Saturday, August 20, 2011

Superleaders

What makes a Superleader? Several years ago, Warren Bennis, one of the most influential and prolific students of leadership ever, set out to determine what makes a superleader by interviewing 90 top corporate executives, university presidents, public officials, publishers, and winning coaches. His investigation turned up five major qualities.

The first is vision – the capacity to create a clear picture of a goal which inspires people to perform.

The second is communication – the ability to portray the vision in a way that enlists the support of followers.

The third is persistence – the ability to stay the course regardless of obstacles.

The fourth quality Bennis calls “empowerment” – the ability to create a structure that harnesses the energies of others to achieve the desired result.

The fifth is organizational ability – the capacity to measure the performance of a group, to learn from mistakes, and to use the resulting knowledge to enhance effectiveness.

Bennis also found that the most effective leaders did not pay much attention to fads in management theory or get-rich-quick schemes. They were all simply devoted to a vision of excellence and achievement and all very good at transmitting that vision to followers. Finally, Bennis’s superleaders all had a healthy disregard for risk; in other words, they consistently demonstrated courage without flirting with disaster. They put very little energy into protecting themselves against failure and most of their energy into making their visions real.










Thursday, July 28, 2011

Next Generation Calls for Collaboration

The Next Generation (NGen) project, funded by American Express and convened by Independent Sector, recently released a report on the major concerns of the 2009-2010 class of NGen Fellows, all aspiring leaders under the age of 40.

In essence, the report concluded that professionals under 40 feel that collaboration across sectors is necessary to solve society’s problems and agree on the most important issues to address, but don't know how to connect with people in other sectors working to solve these problems.

The top issues facing communities, the nation, and the world, they concur, are education, poverty, health, and the environment. Unfortunately, however, NGen Fellows had great difficulty identifying any of their peers who were currently effective at solving those significant social problems. Of the Fellows polled, 1,300 skipped this question altogether, and of the 1,000 who did answer it, the top vote getters were Larry Page and Sergey Brin, the founders of Google, who received just ten and eight votes respectively.

Finally, the Fellows believe that the nonprofit sector is best positioned to take the lead in engaging other sectors (government and for-profit business) to solve comprehensive social problems. They also believe that they need more leadership development, especially for the challenges of collaborating across the sectors.

The report goes on to recommend expanding the traditional definition of a “leader” and to stress the need for collaboration to reach out, find common ground, and build bridges.

Want to know more? Check out the summary yourself at http://buildingmovement.org/pdf/ngen_fellows_09_report.pdf.

Sunday, July 17, 2011

To Collaborate or Not?

Here on “Leading Together,” we consistently promote the benefits of cooperation and collaboration over competition and inflexibility.

There are, of course, times when competition is not only appropriate but even necessary, and times when staunch commitment to principle is not only valid but even critical. Virtually all historians and social scientists would agree, however, that citizens of the United States inhabit the most individualistic and most competitive culture in the world, and possibly in the history of the world. In that context, we more often need reminders about the advantages of cooperation, collaboration, and willingness to compromise.

These issues are certainly prominent in the current debate about our national debt and the advisability of raising the debt ceiling to pay the bills we have already incurred. A national poll conducted last week, for example, asked respondents from both of the major political parties to state their preference for compromise in relation to their preference for “sticking to our guns.” It seems that one party is significantly more willing to compromise than the other, and the other is much more committed to “sticking to our guns” regardless of the issue or the problem.
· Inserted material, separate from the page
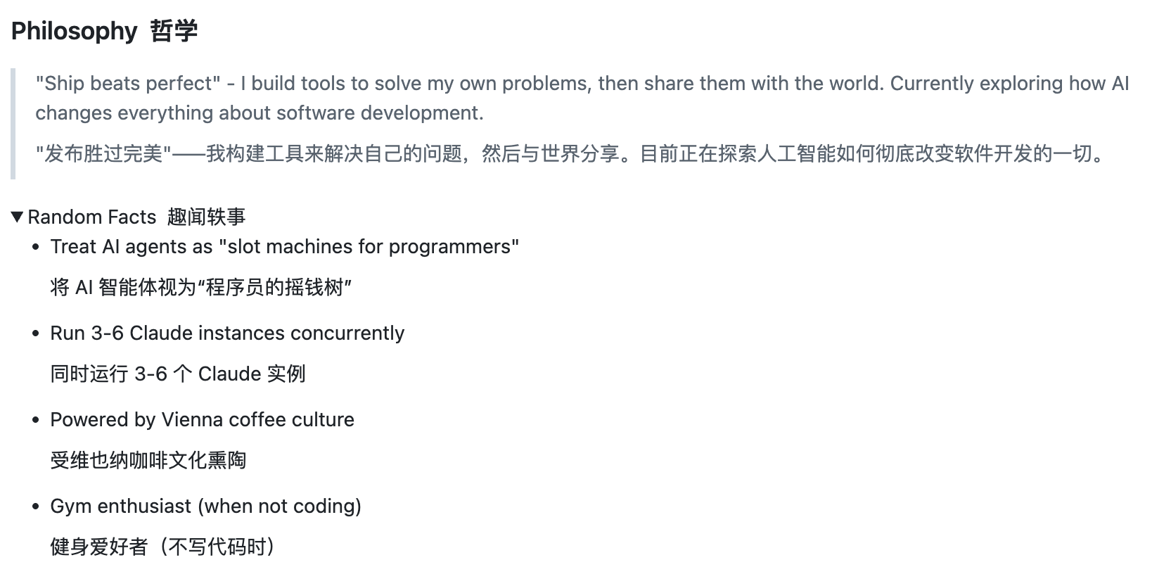 再往下翻到他的人生哲学,和自己折叠起来的趣闻轶事。

The results indicated – at least as of last week – that one party favored compromise over “sticking to our guns” by 68% to 32%. The other party, meanwhile, favored “sticking to our guns” by 66% to 34%. Taken altogether, the poll’s participants favored cooperation by 53% to 47%. (Since we try to avoid partisan posturing here at “Leading Together,” you will have to figure out for yourself which party is which.)

The poll made no reference to any particular issue or any particular reasons for choosing one strategy over the other. Thus the difference between the two parties in this respect may lie deeper than any issue or any rationale for decision. In turn, the results of this poll may provide no clues to what we should be doing about any of the challenges we face, but it does seem to provide a clue to why we have so much trouble reaching any agreements at all.

Sunday, July 10, 2011

Zero-Sum Games

As I prepare this blog for publication, the President of the United States and several House and Senate leaders from both parties are trying to hammer out a deal whereby our nation can avoid defaulting on its debts. According to the most reliable economists and historians, an actual default would be catastrophic in several ways; they also tell us that there is no credible reason for us to be in such a precarious position in the first place. But we are.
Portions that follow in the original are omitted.